[WHAT YOU SHOULD DO] Please give every line below again exactly, but not its pictures.

[Start of Attachment]

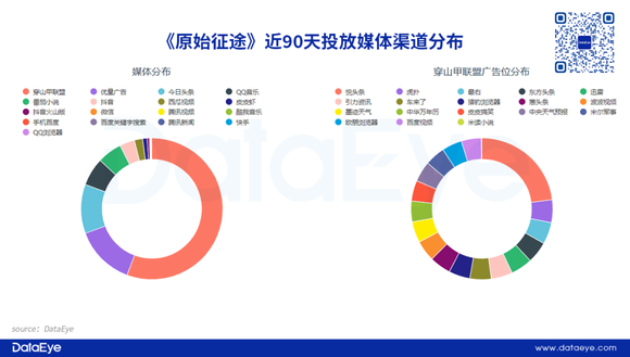 DataEye-ADX数据显示,(截至3月23号)《原始征途》投放媒体渠道TOP5分别为:穿山甲联盟、优量广告、今日头条、QQ音乐以及番茄小说。其中穿山甲联盟占比约为55%,位居第一。相比之下,短视频平台投放占比不高。
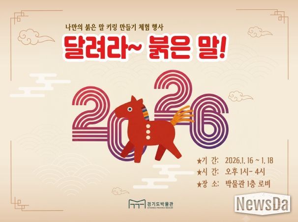 뉴스다 최광묵 기자 | 경기문화재단 경기도박물관(관장직무대행 박본수)은 병오년 새해를 맞아 관람객을 위한 체험형 교육행사 〈달려라~ 붉은 말!〉을 1월 16일부터 18일까지 3일간 박물관 로비에서 운영한다.
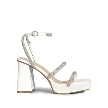 DREAM PAIRS Women's Platform Strappy Heels Open Toe Ankle Strap Square Party Sandals Y2K Dress Shoes,Size 8,White-Rhinestone,SDHS2346W
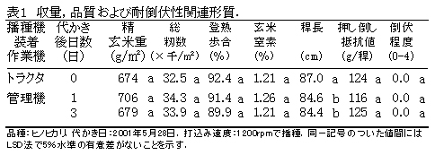 上記ロータリと打込み点播機を装着した乗用管理機(図2)を用いて播種を行っても、トラクタに点播機を装着して代かき同時播種を行った場合と比較して、収量、品質および耐倒伏性に差を生じない(表1)。
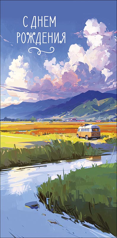 Открытка-конверт "С Днем Рождения!", размер: 8,3х16,7 см, в упак. 10 шт.
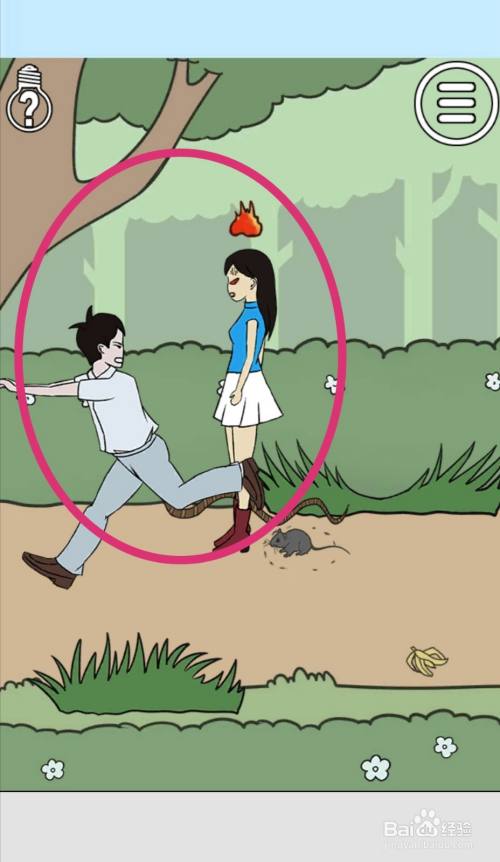 男主看到蛇,就会丢下女主,自己逃跑,游戏过关。
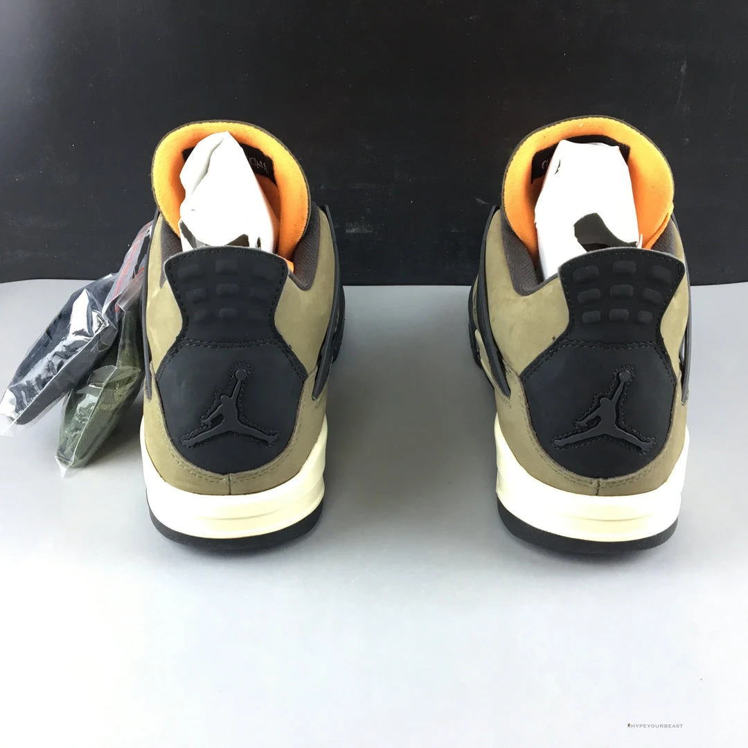 The military-inspired colorway is the style of the Air Jordan 4 Retro Undefeated. It has olive nubuck material on its upper with additional black and orange elements. It also includes white midsoles paring with visible Air tech cushioning on its outsoles. Air Jordan Undefeated owns fantastic features of MA-1 Flight Jacket so the sneakers contain velcro tongue patches to complement the flight jacket style. It was first released with only 72 pairs but you now have a chance to make one yours. So grab it and be as brave as the undefeated.

[End of Attachment]

[ANSWER AREA]
 DataEye-ADX数据显示,(截至3月23号)《原始征途》投放媒体渠道TOP5分别为:穿山甲联盟、优量广告、今日头条、QQ音乐以及番茄小说。其中穿山甲联盟占比约为55%,位居第一。相比之下,短视频平台投放占比不高。
 뉴스다 최광묵 기자 | 경기문화재단 경기도박물관(관장직무대행 박본수)은 병오년 새해를 맞아 관람객을 위한 체험형 교육행사 〈달려라~ 붉은 말!〉을 1월 16일부터 18일까지 3일간 박물관 로비에서 운영한다.
 DREAM PAIRS Women's Platform Strappy Heels Open Toe Ankle Strap Square Party Sandals Y2K Dress Shoes,Size 8,White-Rhinestone,SDHS2346W
 上記ロータリと打込み点播機を装着した乗用管理機(図2)を用いて播種を行っても、トラクタに点播機を装着して代かき同時播種を行った場合と比較して、収量、品質および耐倒伏性に差を生じない(表1)。
 Открытка-конверт "С Днем Рождения!", размер: 8,3х16,7 см, в упак. 10 шт.
 男主看到蛇,就会丢下女主,自己逃跑,游戏过关。
 The military-inspired colorway is the style of the Air Jordan 4 Retro Undefeated. It has olive nubuck material on its upper with additional black and orange elements. It also includes white midsoles paring with visible Air tech cushioning on its outsoles. Air Jordan Undefeated owns fantastic features of MA-1 Flight Jacket so the sneakers contain velcro tongue patches to complement the flight jacket style. It was first released with only 72 pairs but you now have a chance to make one yours. So grab it and be as brave as the undefeated.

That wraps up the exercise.